Many genes of multicellular organisms are alternatively spliced producing various protein isoforms which may be specific for certain tissue or developmental stage. To be precise it is often more advisable to say that expression level is measured for 1–2 exons instead of an entire gene (Bustin et al. 2009). To address the issue, it was recently proved that alternatively spliced domain of NDC1 (NAD(P)H dehydrogenase) gene, whose expression is relatively unresponsive to stress treatments, strongly affects the expression of the ACTIN2 reference gene in A. thaliana (Wallström et al. 2012). NDC1 expression is induced by light and is present in all plant organs but ratio of two alternatively spliced mRNAs (NDC1-1 and NDC 1-2) is different in various tissues. NDC1-2 consists of early stop codon because of additional nucleotides from intron 5 resulting in frameshift but it does not cause a major degradation of the transcript. T-DNA insertions in intron 5 which disrupted the reading frame of NDC1-2 proved that such change increases ACT2 expression by three to four-fold. This suggests an effect on the signaling paths for ACT2 gene expression and interactions between genes from separate functional domains. This example strongly emphasizes the complexity of signaling paths and underlines a caution approach to every studied genotype and reference gene, even such as ACT2 which is commonly used due to pair of primers commercially sold.

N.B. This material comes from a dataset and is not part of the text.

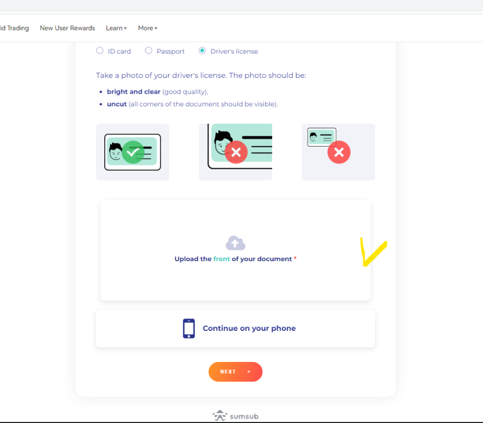핸드폰으로 사진 찍는게 편한사람은 Continue on your phone 를 눌러서 핸드폰으로 진행할수 있습니다

Validation of reference genes

The absolute need of reference genes validation was underlined several times in this paper as was supported with numerous examples. This is necessary for proper normalization whose task is to compensate for the intra and inter-kinetic real-time RT-PCR variations that result from basic difficulties connected with the method (Chervoneva et al. 2010). The fundamental idea is to find a gene that will be characterized with undoubted stable expression, i.e., one that will be the same in every tissue and individual sample and will meet the criteria described previously for the reference genes. Several statistical approaches and algorithms were developed that enable identification of the most stably expressed gene. Validation is of course impossible for each individual gene present in the genome and can be carried out only for a few to several genes previously selected. That is why an important step is the selection of genes whose expression stability will be verified.

Selection of genes

First, structure and sequence of candidate genes should be recognized so the designed primers would always amplify the product that will reflect the actual amount of mRNA, both in the samples and in each individual (Andersen et al. 2004). For this purpose, primers never include fragments that contain the presence of gene polymorphism. Moreover, in the eukaryotic genome there is a mechanism of alternative splicing, as is observed for GAPDH for example (Barber et al. 2005). Therefore sequence of the primers should be chosen for each possible form of mRNA present in the organism. It is desirable to provide information of assessment of primers specificity to known splice variants and nucleotide polymorphisms that may be obtained through dedicated databases (Bustin et al. 2009). There is also a need to test whether the amplified product is specific and of appropriate length, i.e., exclude the possibility of amplification of non-functional copies of genes or pseudogenes (Andersen et al. 2004). To avoid this at least one primer should be placed in a position distant from sites that may also be present in pseudogenes.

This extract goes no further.